完整代码在此处可用：（654行） http://codepad.org/dzvPbqIV - gelatine1

1个回答

网页内容由stack overflow 提供, 点击上面的

可以查看英文原文，
原文链接

- Spektre · Accepted Answer

You use std::vector

for your digits make sure there are no unnecessary reallocations in it. So allocate space before operation to avoid it. Also I do not use it so I do not know the array range checking slowdowns.

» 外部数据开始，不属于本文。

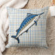 Poucos peixes são incrivelmente bonitos que o espadim azul — e nem muitos peixes são maiores. O espadim azul é o maior dos espadins do Atlântico e, sério, um dos maiores peixes do mundo. Como em algumas espécies, a fêmea é muitas vezes um pouco maior que o macho. As mulheres podem crescer até 14 pés de comprimento e podem pesar mais de 1.900 libras, embora a média corra mais em torno de 11 pés de comprimento e 300 libras. Um azul profundo sobre o topo e o branco-prateado, com uma barbatana dorsal pronunciada e uma mandíbula longa, letal, em forma de lança (que alguns chamam de lei), os espadins azuis são um dos peixes mais facilmente identificáveis e reconhecíveis do mundo. Marlins é renomado por sua incrível resistência em uma luta quando estão viciados, o que os torna um favorito troféu de grandes pescadores de caça. Embora possa ser dito de praticamente qualquer peixe super grande, não consigo imaginar que haja muito mais emocionante para o ávido anjo do que pegar um desses gigantes e vê-lo quebrar a água na luta. Este design homenageia mais este peixe majestoso do que os pescadores que o procuram. Para este maravilhoso travesseiro, um solteiro, espadim azul salta de um mar de xadrez coordenada por cores em ambos os lados, fazer-o a escolha perfeita para a sua piscina, casa de praia ou "caverna do homem".
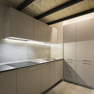 L'illuminazione naturale è garantita da un'ampia vetrata prospiciente il portico, mentre l'illuminazione artificiale crea scenari differenti adatti alle diverse circostanze, lampade a sospensione dallo stile industriale arredano l'ambiente, piccolo spot disegnano la parete, e lame di luce inondano l'ambiente di luce.
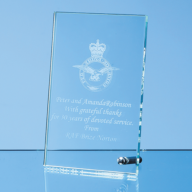 The stylish and versatile jade glass rectangle can be displayed vertically or horizontally with the aid of a chrome pin stand. There is a large area that can be printed or engraved with any crest, logo or wording to create an inexpensive recognition award or gift. The rectangle is available in 4 other sizes.
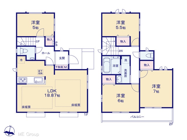 | 建物面積 | 93.98m2~99.15m2 | 土地面積 | 110.63m2~115.29m2 |
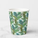 Estos adorables y salvajes vasos de papel para fiestas de cumpleaños con temas de safari presentan una divertida impresión de hojas de jungla.
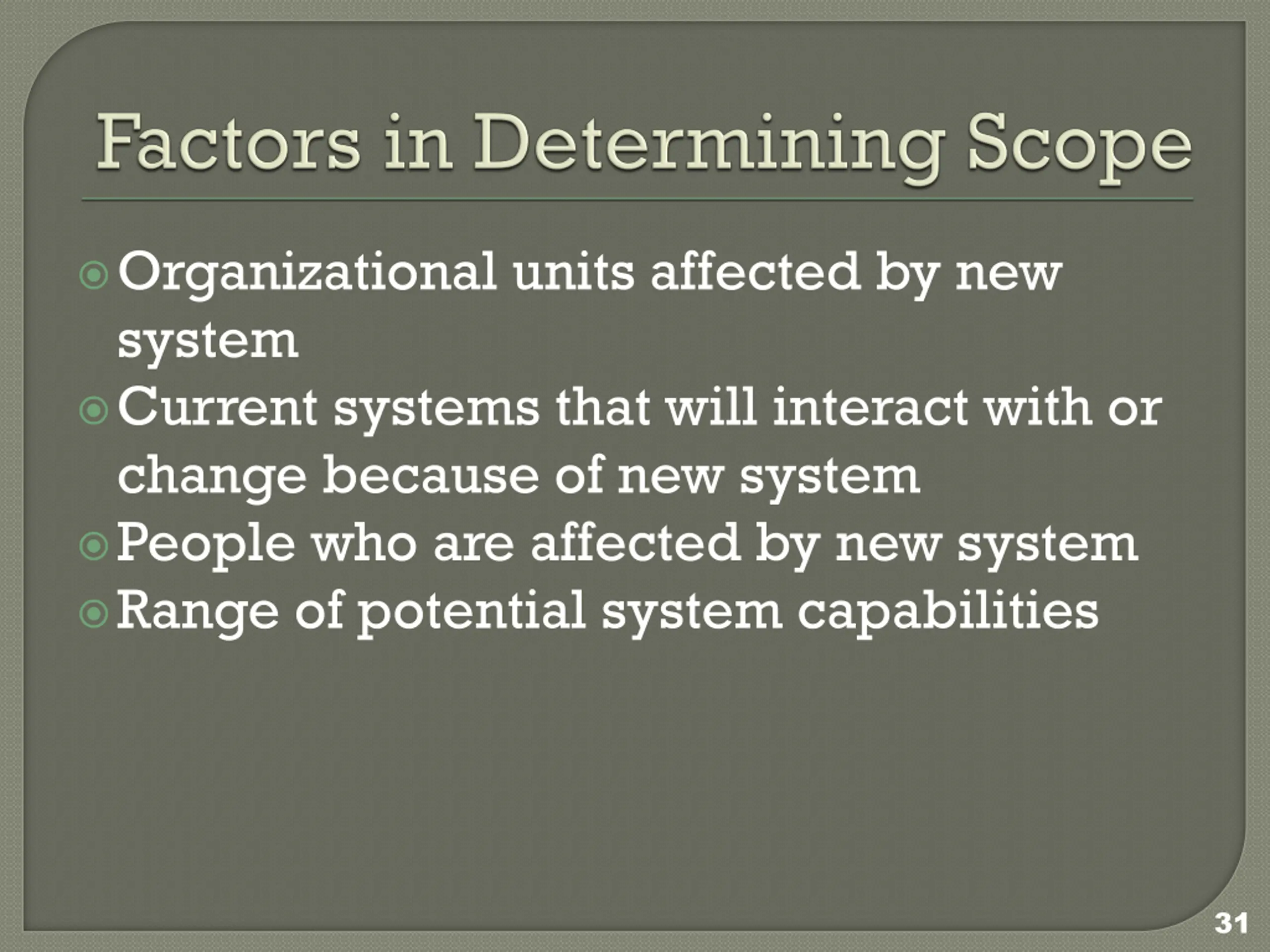 Organizational units affected by new system Current systems that will interact with or change because of new system People who are affected by new system Range of potential system capabilities 31
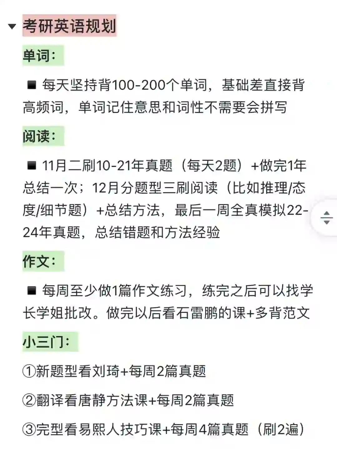 ▪️小三门:新题型看刘琦+每周2篇真题、翻译看唐静方法课+每周2篇真题、完型看易熙人技巧课+每周4篇真题
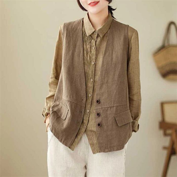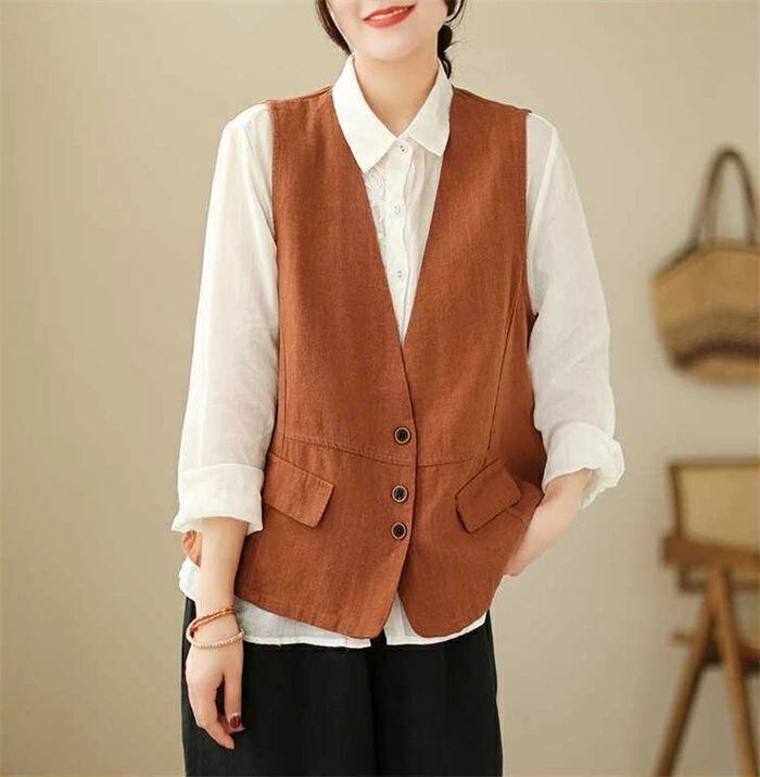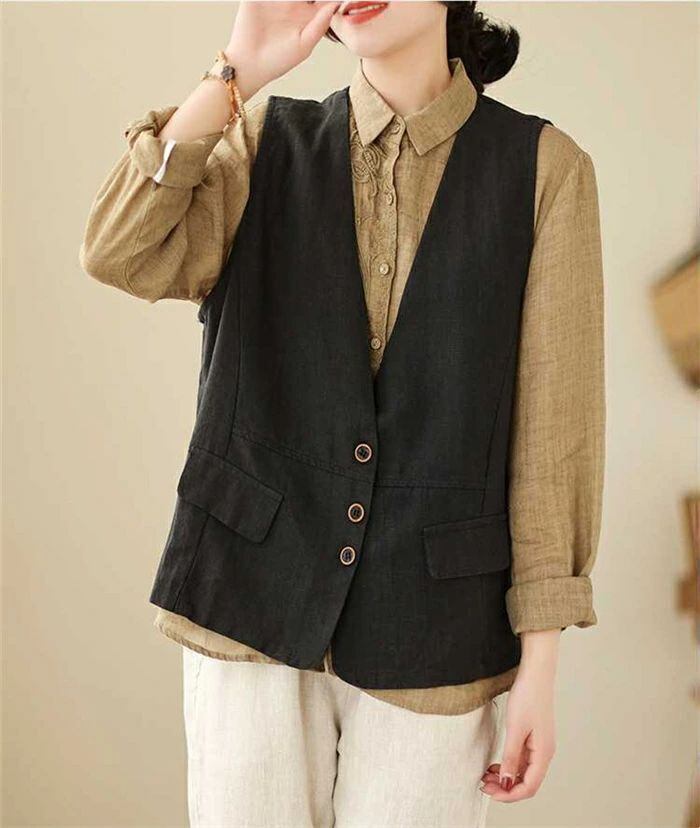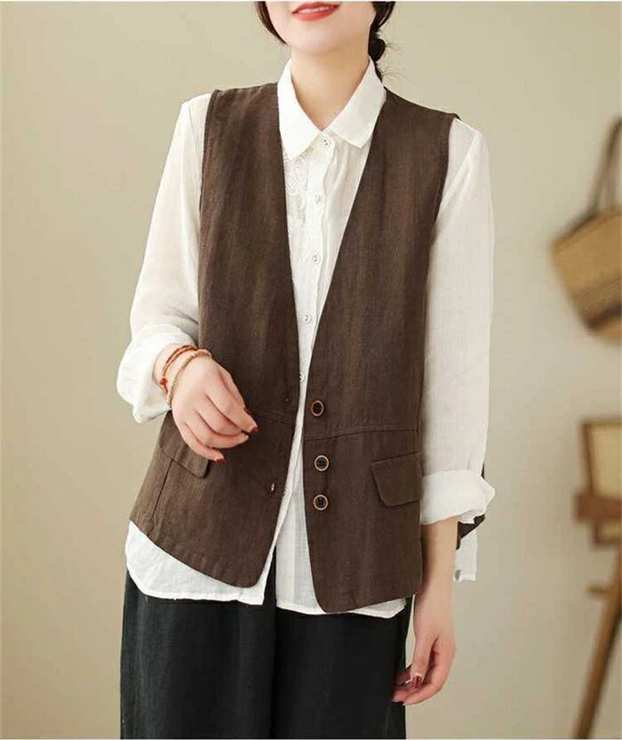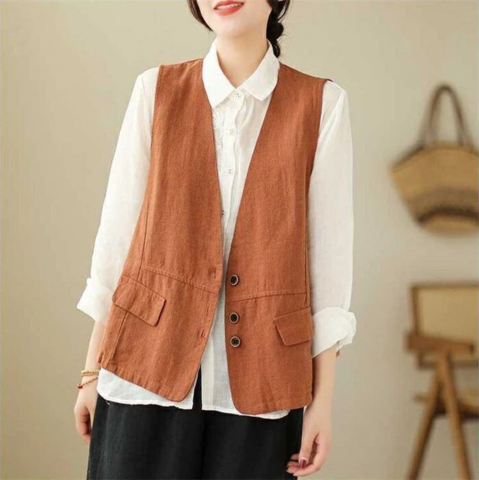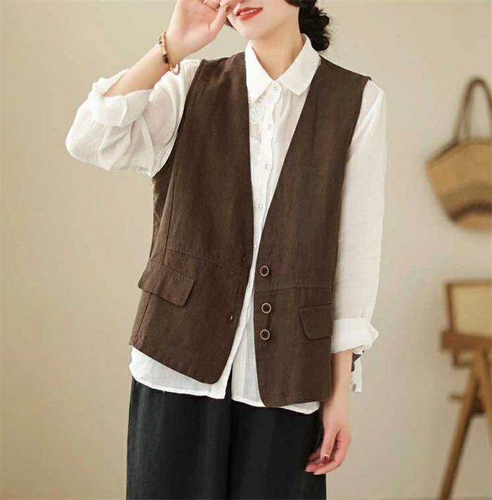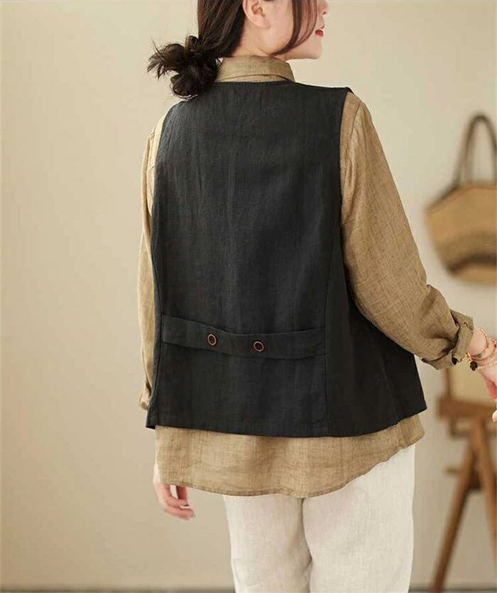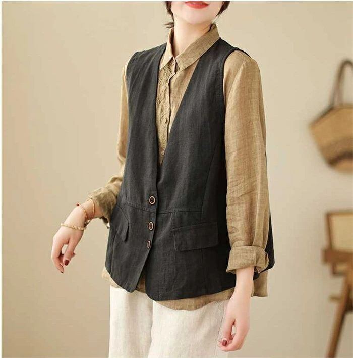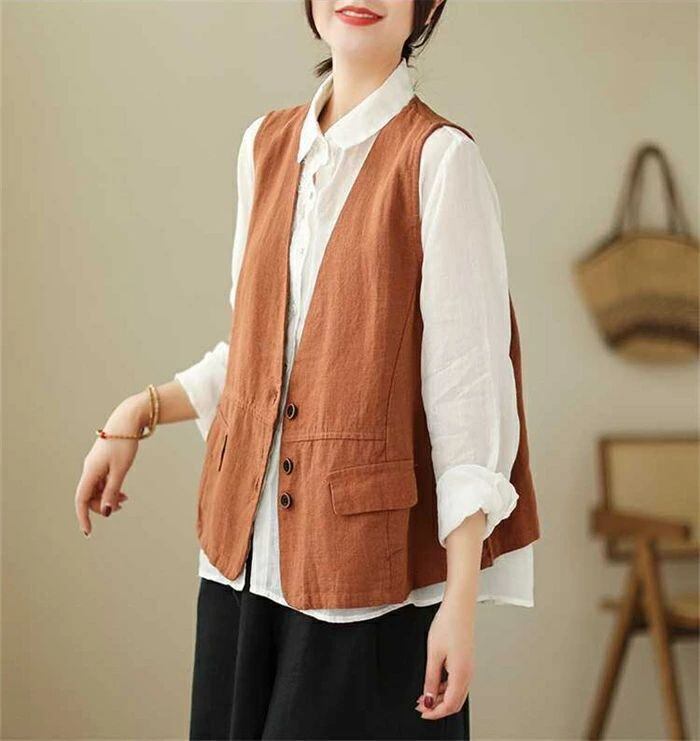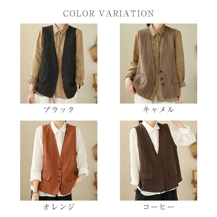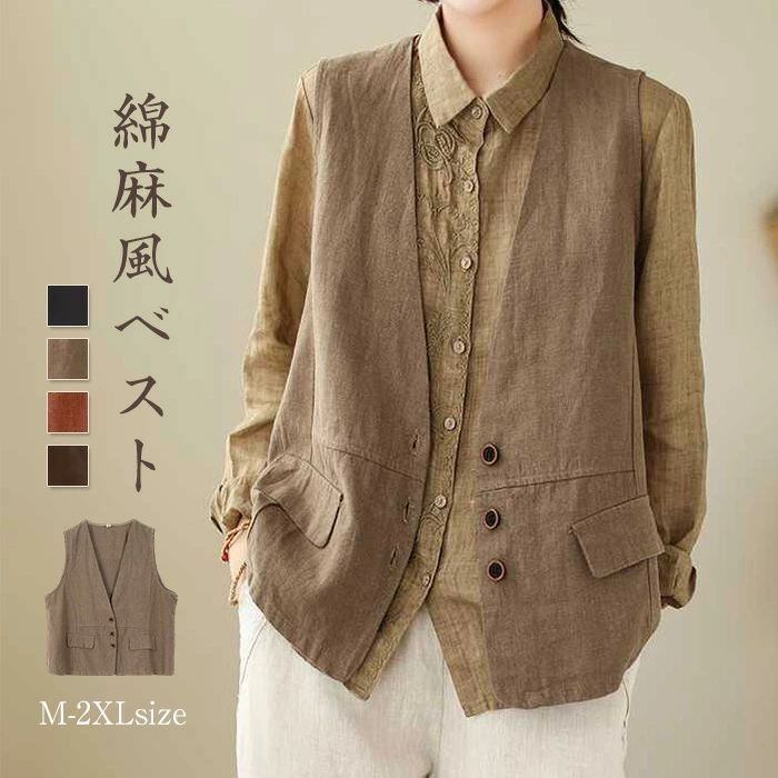 ベスト 綿麻ベスト ジレベスト レディース ジレ トップス ノースリーブ 綿麻 前開き 大きいサイズ レトロ ゆったり 体型カバー おしゃれ オ

Check if you do not shift it !!! which is O(N) ... i.e. insert to first position...

Optimize your implementation

here you can find mine implementation optimized an unoptimized for comparison

x=0.98765588997654321000000009876... | 98*32 bits...
mul1[ 363.472 ms ]... O(N^2) classic multiplication
mul2[ 349.384 ms ]... O(3*(N^log2(3))) optimized karatsuba multiplication
mul3[ 9345.127 ms]... O(3*(N^log2(3))) unoptimized karatsuba multiplication

mine implementation threshold for Karatsuba is around 3100bits ... ~ 944 digits!!! The more optimized the code the lover threshold is.

Try to remove unnecessary data from function operands

//BigInt operator + (BigInt a,BigInt b)
BigInt operator + (const BigInt &a,const BigInt &b)

this is way you will not create another copy of a,b on heap in every + call also even faster is this:

mul(BigInt &ab,const BigInt &a,const BigInt &b) // ab = a*b

Schönhage-Strassen multiplication

this one is FFT or NTT based. Mine threshold for it is big ... ~ 49700bits ... ~ 15000digits so if you do not plan to use such big numbers then forget about it. Implementation is also in the link above.

here is mine NTT implementation (optimized as much as I could)
Summary

Does not matter if you use little or big endian but you should code your operations in a way that they do not use insert operations.

You use decadic base for digits that is slow because you need to use division and modulo operations. If you choose base as power of 2 then just bit operations are enough and also it removes many if statements from code which are slowing all the most. If you need the base as power of 10 then use biggest you can in some cases this reduce the div,mod to few subtractions
```
2^32 = 4 294 967 296 ... int = +/- 2147483648
base = 1 000 000 000

//x%=base
while (x>=base) x-=base;
```
max number of cycles is 2^32/base or 2^31/base on some platform is this faster then modulo and also the bigger the base the less operations you need but beware the overflows !!!